Sunday 3 February 2013
Plan B
Just occasionally I feel the need to write a post that will
wind up on both my travel and photography blog and also on my e-learning blog. The last time I did this was in September
2011 when I was about to temporarily hang up my e-learning shoes to go and
spend a bit more time carrying a camera out in the wilds.
After spending most of the last 17 years around the Open
University, and the last 7 years leading the Learning Systems team at the OU, I
have decided that now is time to make some changes.
I’m going to be leaving the OU at the end of March, to look
for interesting new things do.
A number of people already know that I’m going to leave, and
the most common question I’ve been asked is “What are you going to do?”. My
stock answer is that “I’ve got lots of ideas, but no firm plans”.

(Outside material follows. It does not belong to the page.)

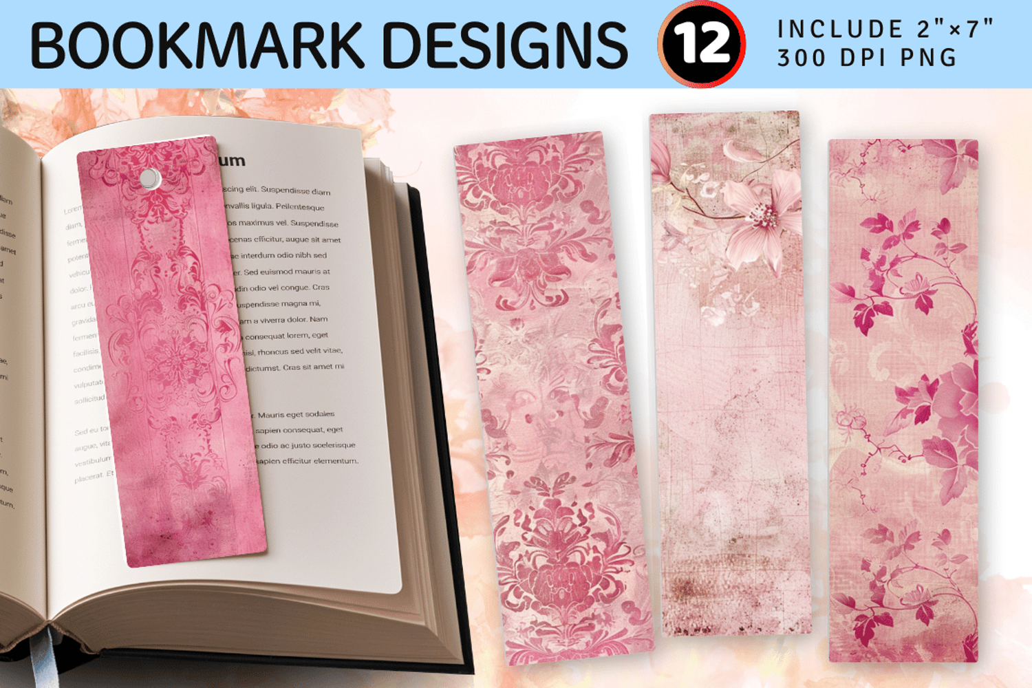 Antique Pink Romance PNG Bookmark Sublimation Designs
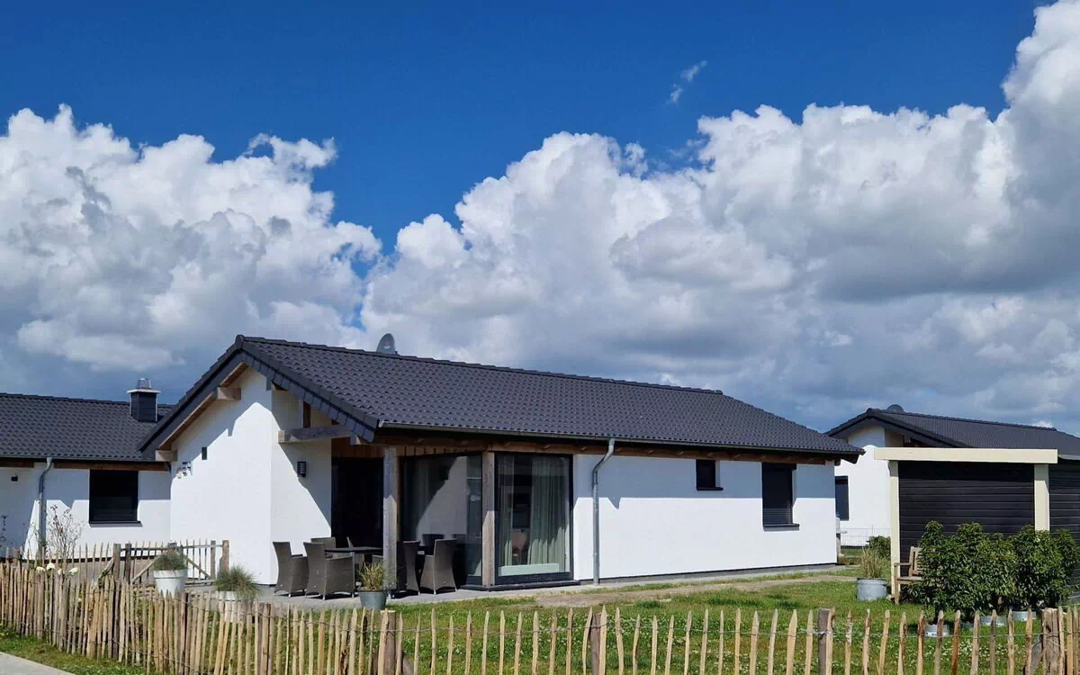 Newly built house G 24, SAUNA with outdoor shower (ATTENTION SAUNA in the outdoor area in your own garden), fenced, first occupancy 2022, no pets allowed, electric shutters in the 2 bedrooms, 1 bathroom + 1 guest toilet, fly screens on all windows, fully tiled, washing machineNewly built holiday home with 66 sqm living space for 5 people with 2 bedrooms, 2 double beds and 1 bathroom + 1 guest toilet- Own 429 sqm plot- 2 bedrooms (1x double bed, 1 double bed + 1 bunk bed)1 bathroom with wall-mounted towel radiator- 1 spacious living room with large floor-to-ceiling windows- Fully equipped fitted kitchen with dishwasher and microwave- 1 storage room / 1 hallway- Covered sun terrace with garden furniture, parasol, garden loungers, barbecue- Outside water tap- 2 car parking spaces.No pets allowed, not suitable for people allergic to pets!Electricity, gas, final cleaning and water consumption includedVisitor's tax/guest card according to valid statutesExempt are: Severely disabled persons (and 1 accompanying person) with 80% degree of disability as well as the 3rd and each additional child of a family, provided that the guest contribution is paid for the 1st and 2nd child.SAUNA (ATTENTION SAUNA in the outdoor area in our own garden)The house is located in the holiday village Eckwarderhörne in the immediate vicinity of the dyke, the ferry dock (including passenger / bicycle ferry to Wilhelmshaven) and a 50,000 square metre inland lake belonging to the holiday village (with an approx. 500 square metre sandy lawn directly on the inland lake, swimming pontoon and jetties).The Eckwarderhörne lido with its beach hall, lighthouse, ferry landing stage and starting point for guided mudflat walks is about 800 m away. In the idyllic holiday village, away from the traffic, there is the "To'n Spieker" dyke inn, bicycle hire, children's playground and a 1,000 m² play area with beach volleyball court, badminton court, basketball hoop, outdoor table tennis table, sandpit and swings.

I’m certainly intending to try and achieve a better work-life
balance, or perhaps more critically a better desk-wilderness balance. During my six months away I was able to spend
a lot of time outdoors – mostly in cold, bleak places – and I do want to find
ways of continuing to do that for rather more of the year than is possible even
with the generous annual leave allocation I’ve been getting at the OU.
I do still want to be involved in using web technologies to transform
education. I’ve been fortunate in being
able to contribute to a large number of interesting educational technology projects
over the last ten years and I’m keen to continue to make use of that
experience.
I’ve also talked with lots of people about travel and
photography in the far North and the far South, and I’m keen to continue to do
that. I also want to help people make
better use of the cameras they’re carrying and to add to my own photographic
portfolio.
So, if I you think I might be able help you do e-learning or
educational technology projects better, do get in touch. Or if you want to hear more about some of the
places I’ve been to or think I can contribute to projects in cold and/or remote
places, get in touch.
Anything interesting considered. Well, as long as it’s legal.